ですが、サブカルチャーを心底楽しんでいた青春時代が終わって、もっと他のことにも目を向けなければならない年頃になってからの落としどころとしては、いちばん無理がありませんし、そういった道を選んだからといって、人生の選択を誤っているとは私には思えません。むしろ、自分にとって本当に大切なコンテンツに的を絞ることで、最小の労力で自分の趣味の方面のアイデンティティをメンテナンスし続けられているとも言えます。(p.195)

 ぼくはこの語りに諭された。なるほど、と。
 もうちょい言えば、楽になった(少しだけだが)
 本書にはいくつもの仏教タームが登場するように、本書は煩悩や迷いに対してどう心の安定・平安を得るのかという、まるで仏教書のようである。前にも述べたように、仏教は人生のいろんな局面で起きる迷いや執着を達観し、悟りを開く精神コントロール術だと思うので、熊代の本書はいわば現代の仏典とも言える。仏教者は、本来このような悩みに応えるべきではなかろうか。

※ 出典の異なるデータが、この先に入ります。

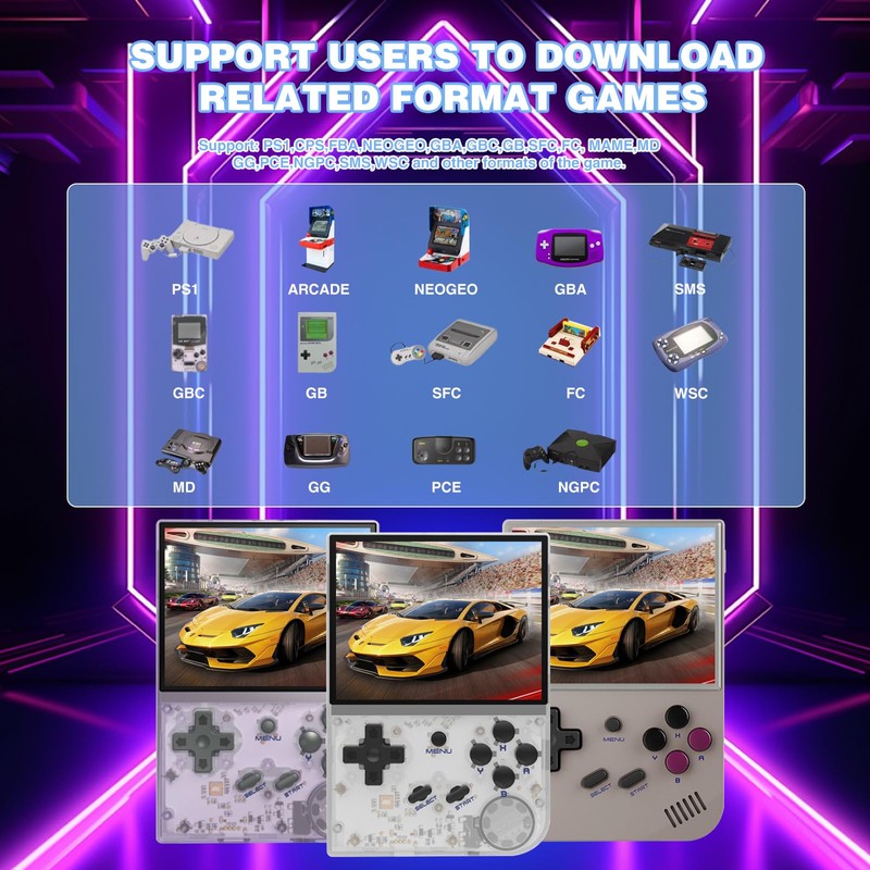 - Various game emulators free: RG35XX has a built-in 64G TF card and more than 5470 games are pre-installed. Support: PS1, CPS, FBA, NEOGEO, GBC, GB, SFC, MAME, MD, GG, PCE, NGPC, SMS, WSC and other game formats. In addition, users are also supported to download games in related formats.

 ただ、熊代の語りに諭されたからといっても、熊代の結論に自分の行動を従わせるというふうには思わなかった。
 自分はもともとマンガを通じて社会や人生を語り合うという、関川夏央のような語りをめざしていたので、引き続き自分なりの語りを追求していけばいいんだろうと改めて思い直した。今のマンガがわからなくなっている、面白がれずにいる、という感情が生じてもそこに焦燥を感じる必要はない……と。
マンガの「超」リアリズム ついでに宣伝するけど(別の機会にまたいうけど)、今回本を出すことにしたが、そこでは自分のこのような原点に戻っての語りをしている。
 というわけで本書の圧巻は第7章であった。最も読み応えがある。

8章は納得いかぬ

 最後の8章は、人生全体にこの悟りを押し広げているのだが、ここはほとんど共感し得ない。正直に言えば「あいまいで何を言いたいかわからない」といったところだ。
 熊代は「良いことも悪いこともすべて自分の歴史になる」と述べた後で、

個人史も、数人単位の家族関係やコミュニティの歴史も、もっと大きな国や社会といった最大単位の歴史さえすべて繋がっていて、最終的には歴史の大河をかたちづくっています。良い行いも悪い行いもすべて有意味で、大きな歴史の一滴となって堆積していくのです。(p.220)

といっている。
 これはぼくが前に述べた、人生の意味ということに似ている。
http://d.hatena.ne.jp/kamiyakenkyujo/20160609/1465400752


 しかし、確かに歴史は「良い行いも悪い行いもすべて有意味で、大きな歴史の一滴となって堆積していく」かもしれないが、そこに自分が貢献したという思いを込められるのは、歴史に進歩という物差しを導入しない限り、無理だろう。自分のやったことが、人類史の進歩に貢献したかどうかだ。それはマルクス主義者か進歩主義者であってのみ、可能なことだ。
 自分は反動に奉仕したのか、進歩に貢献したのか。そこが大事なところだ。
 まあ、でもそこはそれ。
 自分と年齢も近く、本業を持ちながらネットを通じて文章を書き、本も出している――という経歴が自分に似ていて興味深く読めた。そして、小さな気づきを得た本であった。